- **EXERCISE PROMPT**:
Some lines below hold "Женские". Pick them out and copy them.
------ PROVIDED RECORDS
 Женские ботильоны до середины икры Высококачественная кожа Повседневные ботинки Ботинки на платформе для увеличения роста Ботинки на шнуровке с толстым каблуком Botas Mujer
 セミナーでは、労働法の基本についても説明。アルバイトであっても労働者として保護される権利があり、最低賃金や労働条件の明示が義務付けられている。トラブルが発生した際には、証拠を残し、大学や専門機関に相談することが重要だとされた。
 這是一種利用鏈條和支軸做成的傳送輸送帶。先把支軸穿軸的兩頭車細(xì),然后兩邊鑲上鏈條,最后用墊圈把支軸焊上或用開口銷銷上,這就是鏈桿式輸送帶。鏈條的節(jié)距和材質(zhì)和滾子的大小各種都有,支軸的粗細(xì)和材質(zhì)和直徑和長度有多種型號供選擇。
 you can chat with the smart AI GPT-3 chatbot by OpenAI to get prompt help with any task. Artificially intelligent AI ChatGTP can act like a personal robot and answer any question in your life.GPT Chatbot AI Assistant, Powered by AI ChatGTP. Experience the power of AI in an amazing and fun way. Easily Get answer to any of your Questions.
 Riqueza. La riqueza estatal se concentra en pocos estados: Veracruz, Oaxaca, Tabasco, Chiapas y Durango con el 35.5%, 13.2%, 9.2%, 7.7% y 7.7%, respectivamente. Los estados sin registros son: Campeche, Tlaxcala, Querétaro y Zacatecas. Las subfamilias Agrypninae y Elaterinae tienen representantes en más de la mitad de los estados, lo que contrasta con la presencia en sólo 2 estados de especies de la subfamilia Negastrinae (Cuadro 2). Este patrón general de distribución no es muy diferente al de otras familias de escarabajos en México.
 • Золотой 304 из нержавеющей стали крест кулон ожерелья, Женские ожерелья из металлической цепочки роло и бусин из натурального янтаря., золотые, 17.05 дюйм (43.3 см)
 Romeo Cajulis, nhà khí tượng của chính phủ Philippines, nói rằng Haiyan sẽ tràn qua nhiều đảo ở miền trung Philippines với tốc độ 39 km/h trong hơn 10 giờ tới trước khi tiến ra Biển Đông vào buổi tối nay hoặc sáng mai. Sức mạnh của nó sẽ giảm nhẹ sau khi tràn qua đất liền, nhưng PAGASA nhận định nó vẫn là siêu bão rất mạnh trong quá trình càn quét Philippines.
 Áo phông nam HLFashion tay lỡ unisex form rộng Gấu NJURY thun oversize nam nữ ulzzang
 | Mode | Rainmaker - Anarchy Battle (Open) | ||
------------
- **COMPLETED EXERCISE**:
 Женские ботильоны до середины икры Высококачественная кожа Повседневные ботинки Ботинки на платформе для увеличения роста Ботинки на шнуровке с толстым каблуком Botas Mujer
 • Золотой 304 из нержавеющей стали крест кулон ожерелья, Женские ожерелья из металлической цепочки роло и бусин из натурального янтаря., золотые, 17.05 дюйм (43.3 см)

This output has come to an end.